It’s 1 AM on a Friday night at the Diner Grill, and Steve the Grill Man has hit a lull. He’s flipping cups, stacking plates, and scraping his grill with a spatula.

“You wouldn’t mind if I got an order to go,” says a guy in a leather jacket who’s sitting at the counter.

“Nothing would make me happier than to get you outta here,” Steve says.

“It’s for Spike,” the man says. “He’s my pit bull. He’s out in the car waiting for me.”

“What’s he want?”

“A double.”

“Double what? Double martini?”

“Double cheeseburger.”

“I didn’t know dogs were cannibals,” Steve says. “I didn’t know they ate their own.”

“If you guys don’t mind, I’ll bring him in to eat.”

“Don’t bring him in.”

Steve the Grill Man serves up a double cheeseburger. The customer takes it outside. Five minutes later, Spike comes roaring through the diner, tongue wagging. He’s slipped his leash.

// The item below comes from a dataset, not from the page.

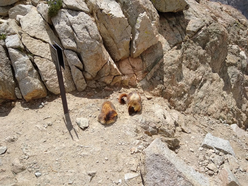 Hiked up Forester Pass–the highest elevation on the PCT at 13,200 ft. Saw marmots squabbling over the salt from some hiker’s celebratory pee at the top of the pass!

“Man, you can’t bring that dog in here!” screams Steve. “What’s the matter with you? This is a restaurant. Get him the hell out.”

“You wanted to see him, didn’t you?”

“Always a pleasure,” Steve says.

Spike, who’s still roaming, heads for the bathroom.

“Spike, goddamn it,” his owner says. “Get outta the toilet.” He turns to Steve. “Aw, you love him.”

“Yeah, yeah.”

“He thinks you’re a lousy fucking cook, that’s what he says.”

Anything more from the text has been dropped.